Developer: Microsoft
Initial release: 1995
TIFF (Tagged Image File Format) is a flexible raster image format originally developed by Aldus Corporation (later acquired by Adobe) in October 1986 for desktop publishing and scanning applications. The format uses a tagged data structure where the image file header points to one or more Image File Directories (IFDs), each containing a set of tags that describe the image's dimensions, color space, compression, resolution, and other properties. This extensible architecture means TIFF can accommodate virtually any image type: 1-bit bilevel, grayscale, indexed color, RGB, CMYK, CIE L*a*b*, and beyond, at any bit depth from 1 to 64 bits per sample. TIFF supports multiple compression methods including none (uncompressed), LZW, DEFLATE, JPEG, and CCITT Group 3/4 fax compression, as well as multi-page documents, tiled storage for efficient random access to large images, and floating-point pixel values for HDR content. One advantage is professional-grade flexibility — TIFF handles the full range of image types encountered in publishing, prepress, medical imaging, geospatial analysis, and scientific research, where specialized color spaces and high bit depths are required. Lossless archival quality is another core strength: TIFF with no compression or LZW/DEFLATE preserves every pixel value exactly, making it the standard archival format for libraries, museums, and any institution that requires guaranteed long-term image fidelity. TIFF is supported by every major image editing, scanning, and publishing application across all platforms.
Developer: Aldus / Adobe
Initial release: October 1986

Frequently Asked Questions

Why convert PPS to TIFF?

TIFF is the standard for print publishing and archival. It preserves every detail of your slides with lossless compression — ideal for professional reproduction.

What opens TIFF images?

Adobe Photoshop, Lightroom, macOS Preview, Windows Photo Viewer, GIMP, and virtually every professional imaging application supports TIFF natively.
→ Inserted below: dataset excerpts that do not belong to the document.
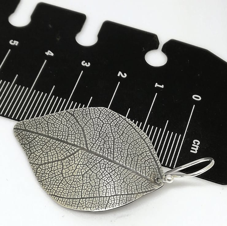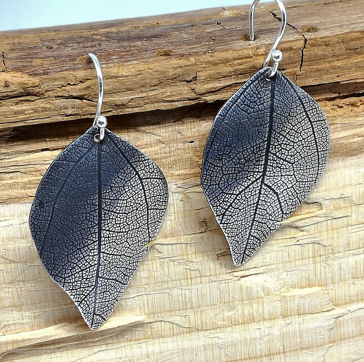 These elegant earrings are made by heating the silver then rolling it with a dried leaf. The silver is then oxidised with the excess being gently rubbed off, leaving the dark veins of the leaf showing up. These prove to be popular as each pair is slightly different in size and impression. The leaf can only be rolled once as it loses it's texture during the process
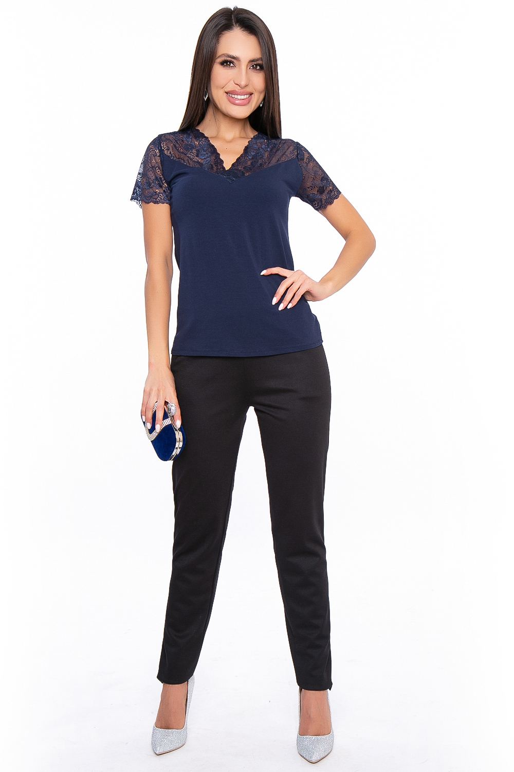 - Женственная блуза прилегающего силуэта со вставками из эластичного гипюра;
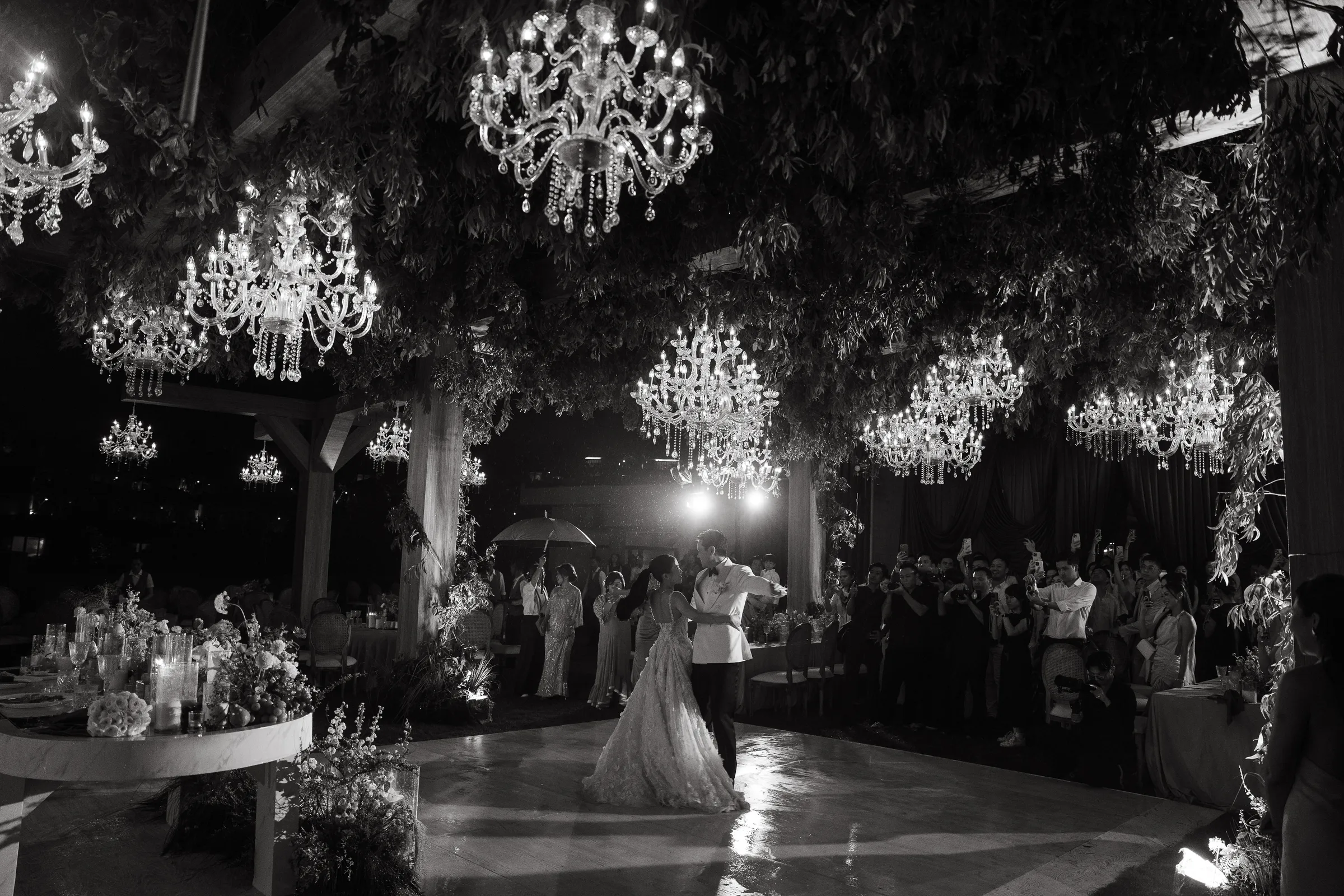 Later, as the rain softened into a gentle drizzle, the couple stepped outside for their first dance. Unplanned yet perfectly timed, they danced under the open sky as fireworks lit up the background. It was a moment that encapsulated the spirit of the day—imperfect, emotional, and entirely authentic.
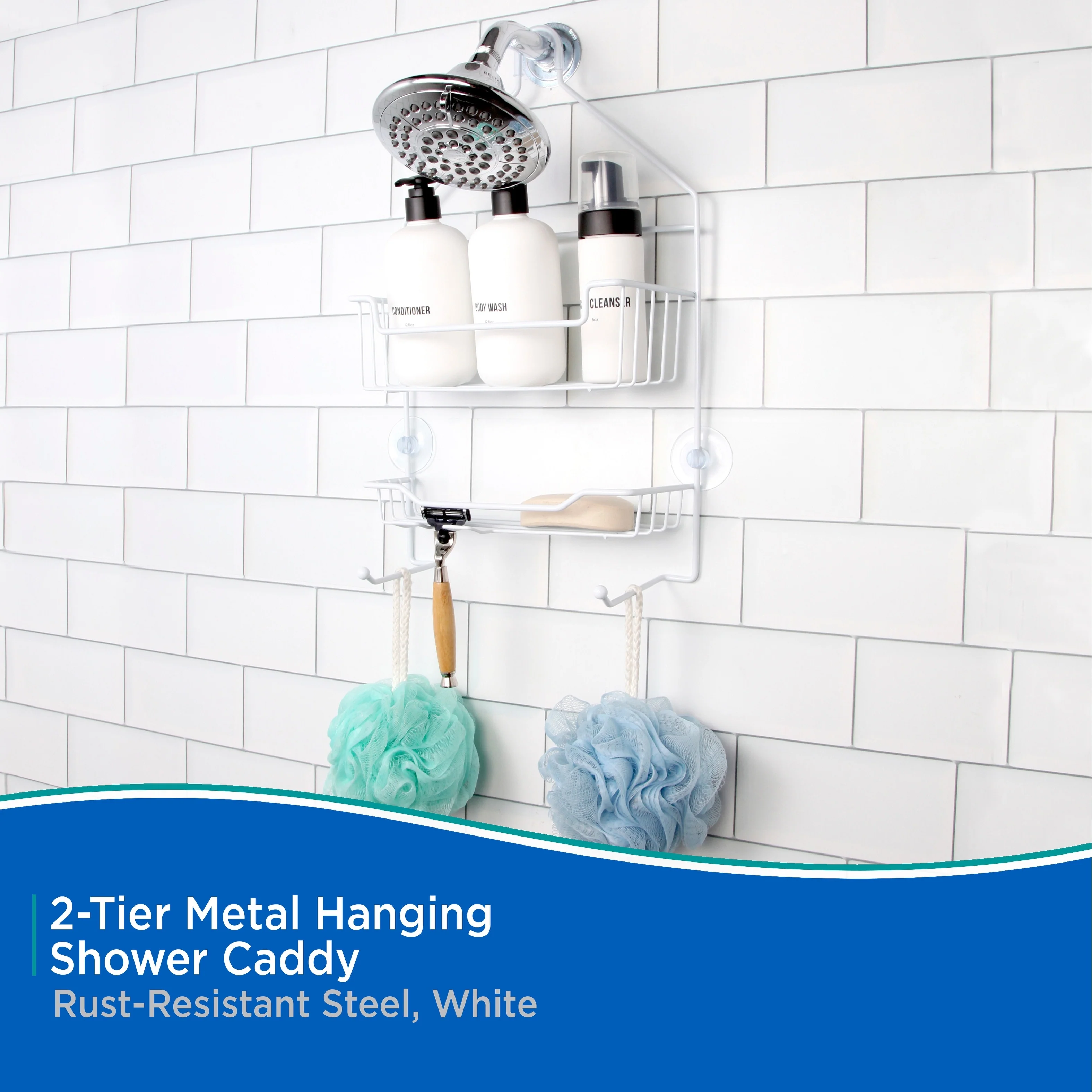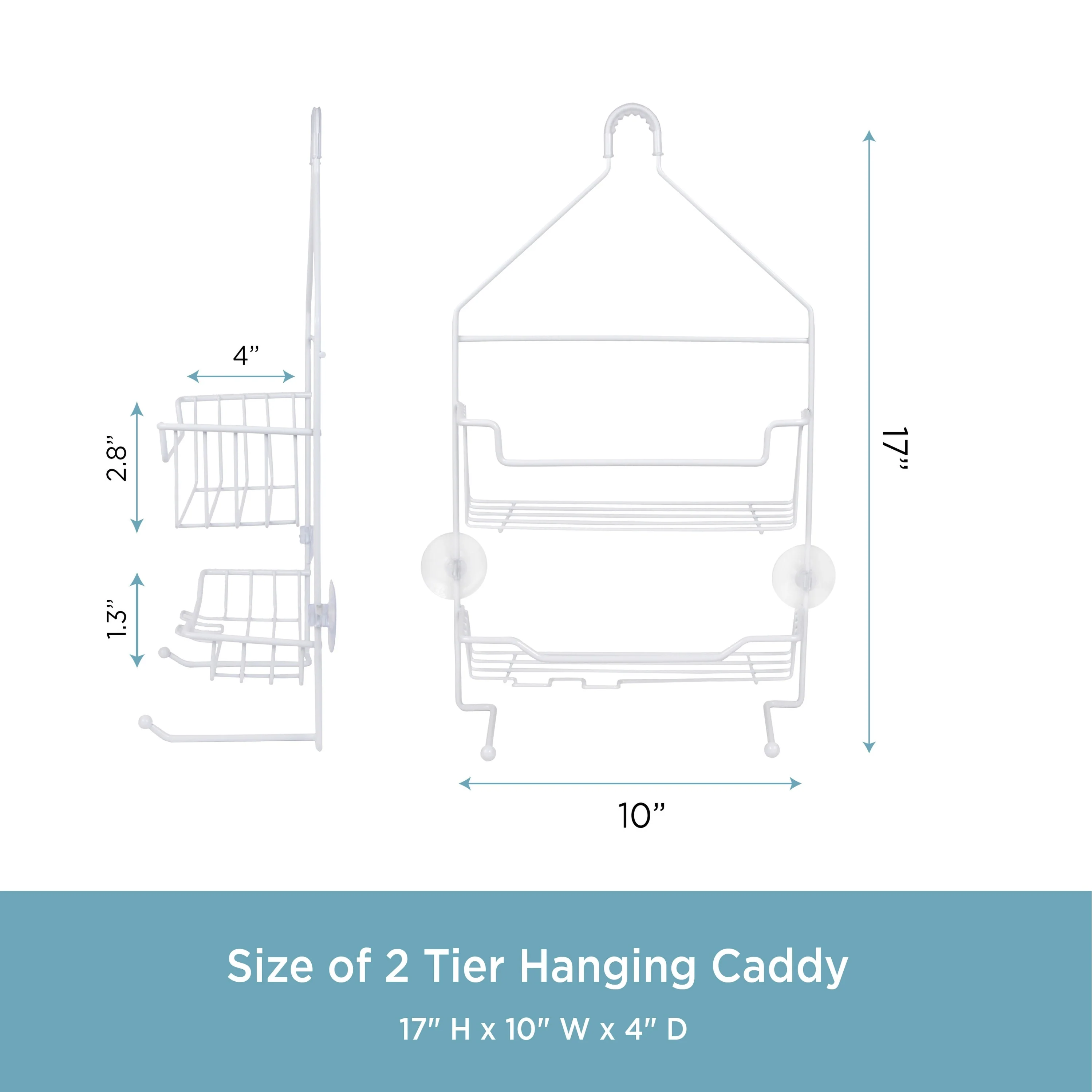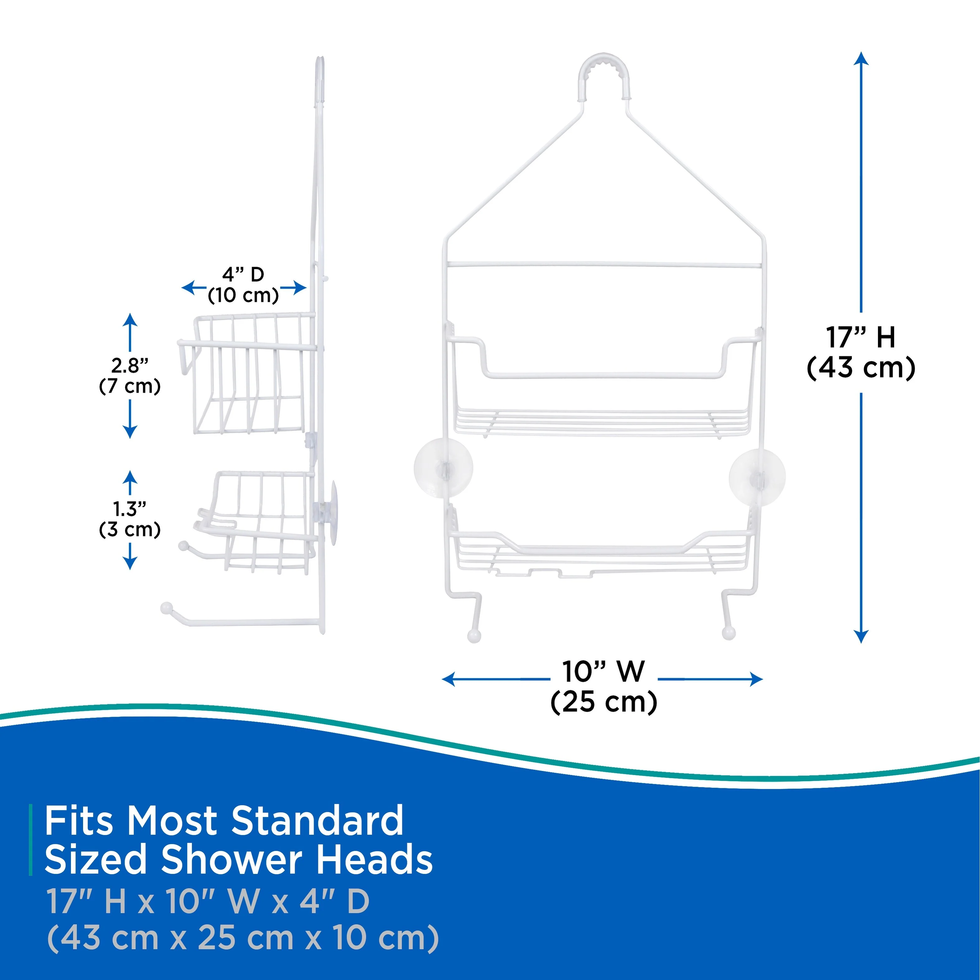 Organize your bath and maximize your storage with the Kenney Rust-Resistant 2-Tier Hanging Shower Caddy. It features two shelves, one razor holder, and two hooks. The razor holder keeps sharp razors out of the way and helps them last longer by letting them dry out after each use. The two hooks are ideal for hanging loofahs, washcloths, or other items such as a waterproof speaker. The caddy comes with a rubber collar and suction cups to help keep it in place. The collar also prevents scratches to your showerhead, and the suction cups reduce the need to balance items. This metal caddy measures 17' H x 10' W x 4' D (43 cm x 23 cm x 10 cm) and can be hung from showerheads with necks up to 0.75' in diameter.
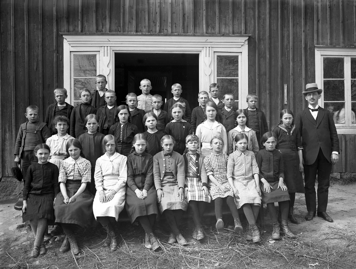 Klassfoto. Skolklass utanför en mindre skola. Ca. 1916. Okänd plats, troligen i Kronobergs län.
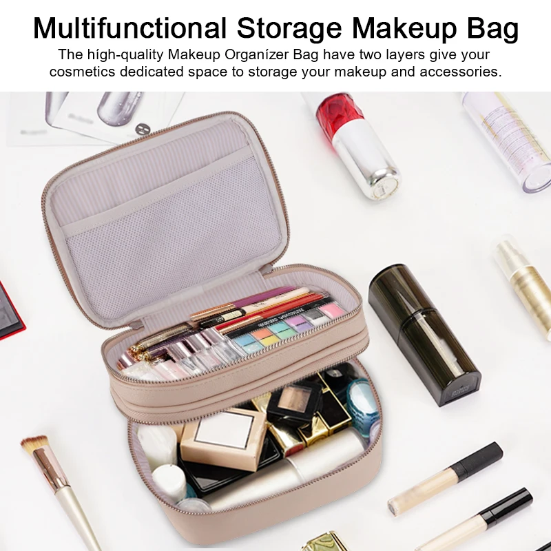 Professional Medium Capacity Waterproof Soft Handle Portable Cosmetic Case Pouch Zipper Closure PU Travel Makeup Bag for Brushes
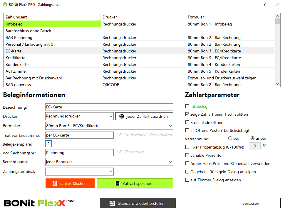 Es sind bereits standardmäßig Zahlungsarten vorgegeben, welche man 1:1 so übernehmen kann. Sie müssen lediglich jede Zahlungsart einem Drucker zuordnen.
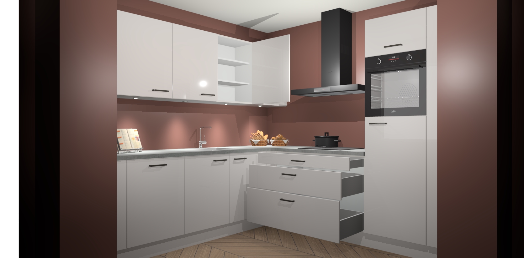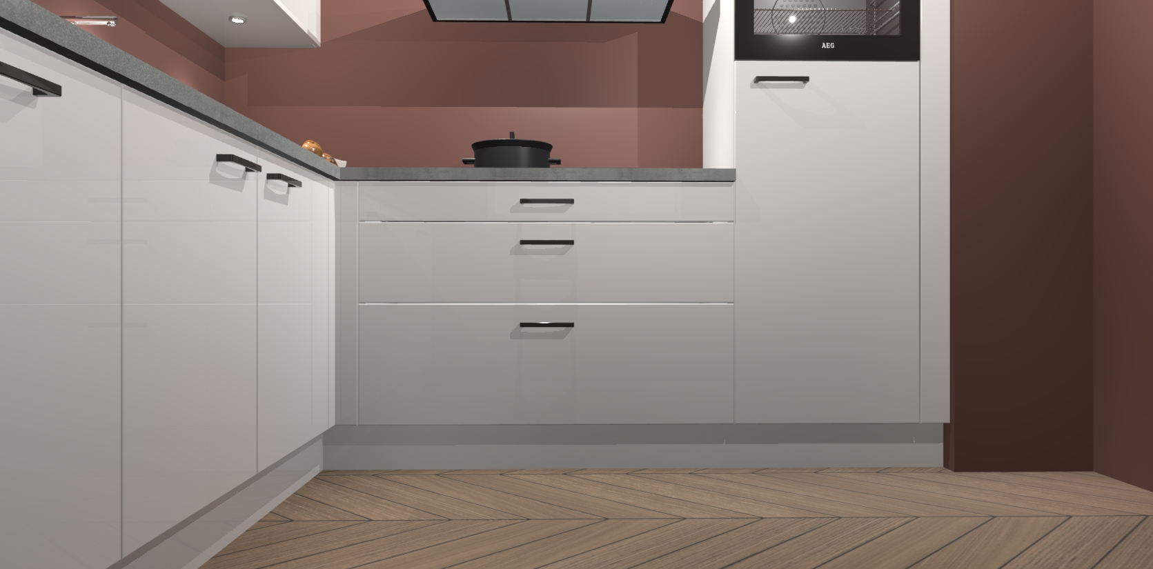 Met een modern, tijdloos design en ruime opslagruimte, zult u zich in no-time thuis voelen in uw nieuwe keuken. Uw leven wordt eenvoudiger met de soft-close deuren die voor het ultieme stille comfort zorgen - geen geluid dat u stoort terwijl u kookt. Ook is de keuken voorzien van 5 ingebouwde apparaten: een oven, inductie kookplaat, afzuigkap, vaatwasser en koelkast. Deze kunnen gemakkelijk na bestelling worden bijgewerkt naar AEG - waardoor uw luxe ervaring compleet is.
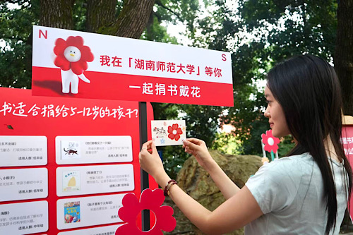在湖南师范大学,大学生们参与久久公益节,将适合儿童阅读的图书捐赠到乡村学校。
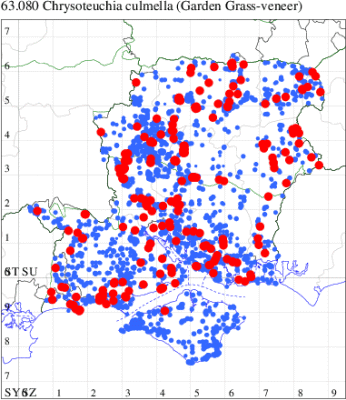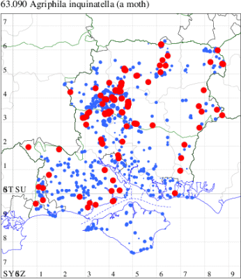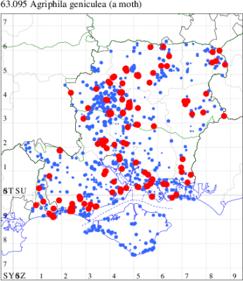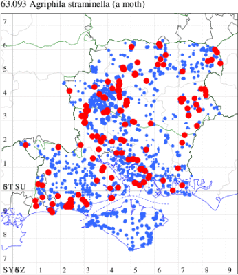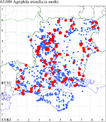For the maps, all records prior to 2023 are shown by a blue dot (the larger the dot, the more recent), with the current year's records shown in red. As previous records are superimposed on any report for 2023, new sites have greater emphasis (i.e. will show as 'more red').
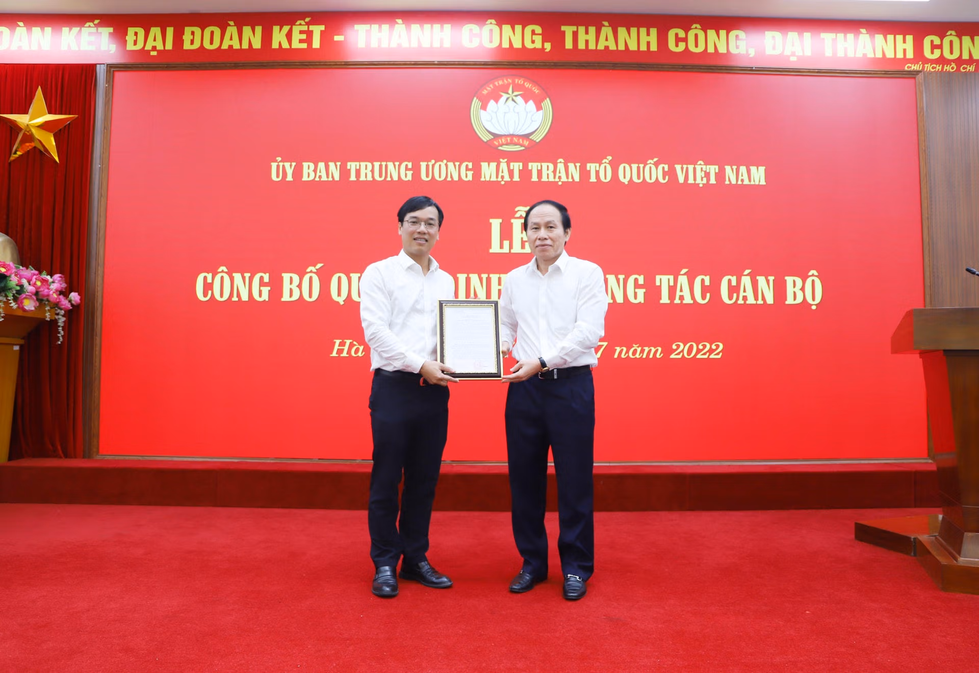 Được sự đồng ý của Đảng đoàn, Ban Thường trực UBTƯ MTTQ Việt Nam, Bí thư Trung ương Đảng, Chủ tịch UBTƯ MTTQ Việt Nam Đỗ Văn Chiến đã ký Quyết định số 1575/QĐ-BTT-MTTW ngày 26/7/2022 về việc tiếp nhận ông Nguyễn Bình Minh, 42 tuổi, Ủy viên Ban Thường vụ Trung ương Đoàn, Bí thư Đảng ủy, Chánh Văn phòng Trung ương Đoàn TNCS Hồ Chí Minh bổ nhiệm giữ chức vụ Chánh Văn phòng Cơ quan UBTƯ MTTQ Việt Nam. Thời gian bổ nhiệm là 5 năm, kể từ ngày 1/8/2022.

Does TIFF compress the slide images?

TIFF supports lossless compression (LZW or ZIP), so file sizes are reduced without sacrificing a single pixel of quality from the original rendering.

Can I use TIFF images for professional printing?

Absolutely — TIFF is the preferred format for prepress and commercial printing due to its ability to carry color profiles and full resolution data.

Is PPS to TIFF conversion free?

Standard conversions cost nothing on Convertio. Premium options unlock batch processing and support for very large presentations.

Are TIFF files large?

They can be larger than JPEG or PNG due to lossless quality retention. The tradeoff is that no visual information is discarded — perfect for archival purposes.